En noviembre de 1938, Selznick recibió una llamada de socorro de Louis B. Mayer. El aparatoso musical El mago de Oz tenía problemas, y el director, Richard Thorpe, había sido despedido. ¿Podía sustituirle Cukor? David le aseguró que sí y George trabajó en El mago de Oz durante dos lamentables días hasta que —ironías de la vida— fue sustituido por Victor Fleming. El primer “problema Cukor” había acabado como una tormenta en un lujoso vaso de agua.
Selznick decidió que un cambio de escenario estimularía su creatividad y eligió las islas Bermudas. Al negarse Howard y Mitchell a acompañarle, el productor contrató a Jo Swerling, un inmigrante ruso que acababa de escribir otro script para él, El lazo sagrado.
En las Bermudas, Selznick y Swerling marearon el guión hasta que comprendieron que no estaban llegando a ninguna parte. El 11 de noviembre de 1938, David escribió un telegrama a Kay Brown desde las Bermudas: «Oído que obra de Oliver Garrett fracaso estrepitoso, ahora podrás contratarle por poco. Quiero que Garrett haga algunas escenas de continuidad, sólo unas pocas o a lo mejor en toda la película. Si dinero OK, quisiera que se familiarizara con libro y guión y que se preparara para trabajar a mi llegada a Nueva York, seguramente también durante viaje a casa y en el estudio».
El grupo de Selznick salió de Nueva York el 28 de noviembre, a bordo del SuperChief, con destino a Los Ángeles. Oliver Garrett se pasó casi todo el viaje encerrado en su compartimento, trabajando en la sexta revisión del guión. Fue un viaje de cinco días, a través de todo el territorio estadounidense, que no resultó demasiado fructífero.

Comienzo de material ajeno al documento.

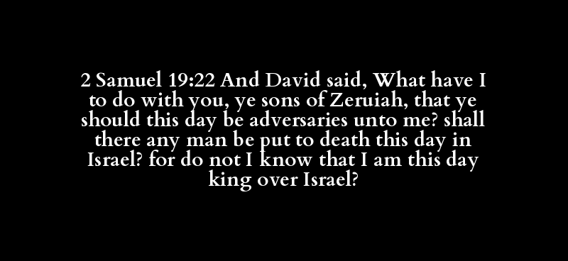 2 Samuel 19:22 And David said, What have I to do with you, ye sons of Zeruiah, that ye should this day be adversaries unto me? shall there any man be put to death this day in Israel? for do not I know that I am this day king over Israel?

Mientras el tren cortaba el viento rumbo a la costa Oeste, Ray Klune y sus ayudantes de Culver City lidiaban con uno de los mayores escollos del guión, lo que ellos llamaban “el incendio de Atlanta”, aunque, como puntualizó Wilbur Kurtz, «Scarlett sale de Atlanta el 1 de septiembre, y Sherman no incendió la ciudad hasta el 14 o el 15 de noviembre».
Sin embargo, Miss Mitchell había dedicado cuatro párrafos a describir la destrucción de los almacenes de municiones confederados, exactamente el episodio que DOS y Howard habían insertado en el guión, aunque magnificado hasta hacerlo irreconocible e incluir toda la ciudad. Mientras tanto, Lyle Wheeler pasaba largas horas en los decorados exteriores del estudio, pensando cómo transformar los decorados existentes en las calles de Atlanta.
Klune había comprendido que era imposible mantener vivo el fuego durante más de cuarenta minutos. Ése era, por tanto, el plazo que tenía para filmar la escapada de Rhett y Scarlett entre las llamas y los diversos incidentes dramáticos relacionados con su peripecia. Además, las llamas tendrían que filmarlas desde todos los ángulos posibles, utilizando todas las cámaras que pudieran acumular.
Como en aquellos momentos la empresa Technicolor sólo disponía de siete cámaras, el rodaje en cuestión tenía que celebrarse cuando todas estuvieran disponibles; el primer día era el sábado 10 de diciembre, lo que les dejaba aproximadamente dos semanas para preparar la logística de la secuencia. «Durante los ensayos decidimos que, en vez de cambiar los objetivos de las cámaras, que con esos chismes de Technicolor era un número, lo que haríamos sería mover las cámaras», explicó Klune.
El Cuerpo de Bomberos de Los Ángeles puso treinta y cuatro unidades a su disposición, lo que dio cierta tranquilidad a Klune, preocupado como estaba por la posibilidad de que el fuego se descontrolase. Sin embargo, al director de producción aún le inquietaba el tiempo que iban a tardar en mover cada cámara de una posición a otra, instalarla y empezar a filmar, todo ello mientras ardían las llamas, cuyo plazo de vida, como se ha dicho, sería muy exiguo.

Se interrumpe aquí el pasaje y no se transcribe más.